= Hildburghausen II – Sonneberg II =

Electoral constituency in Thuringia, Germany

Hildburghausen II – Sonneberg II is an electoral constituency (German: Wahlkreis) represented in the Landtag of Thuringia. It elects one member via first-past-the-post voting. Under the current constituency numbering system, it is designated as constituency 20. It covers the eastern part of Hildburghausen district and the northern part of Sonneberg district.

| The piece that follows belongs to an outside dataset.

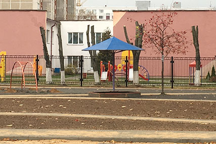 Проектом предусмотрено обустройство двора, прокладка новых тротуаров из мелкоштучной плитки, устройство новых парковок, размещение детских площадок, спортивной площадки, различных малых архитектурных форм, не забыт и вопрос озеленения. Также реконструкция предусматривает и замену коммуникаций на данной территории.

Hildburghausen II – Sonneberg II was created for the 1994 state election. Since 2024, it has been represented by Melanie Berger of the Alternative for Germany (AfD).

==Geography==
As of the 2019 state election, Hildburghausen II – Sonneberg II covers the eastern part of Hildburghausen district and the northern part of Sonneberg district, specifically the municipalities of Auengrund, Brünn/Thür., Eisfeld, Masserberg, Schleusegrund, and Schleusingen (from Hildburghausen), and Goldisthal, Lauscha, Neuhaus am Rennweg (excluding Lichte und Piesau), and Steinach (from Sonneberg).

==Members==
The constituency was held by the Christian Democratic Union from its creation in 1994 until 2024. Its first representative was Bernd Wolf, who served from 1994 to 2004, followed by Henry Worm from 2004 until 2024. At the 2024 election, the constituency was gained by Melanie Berger of Alternative for Germany.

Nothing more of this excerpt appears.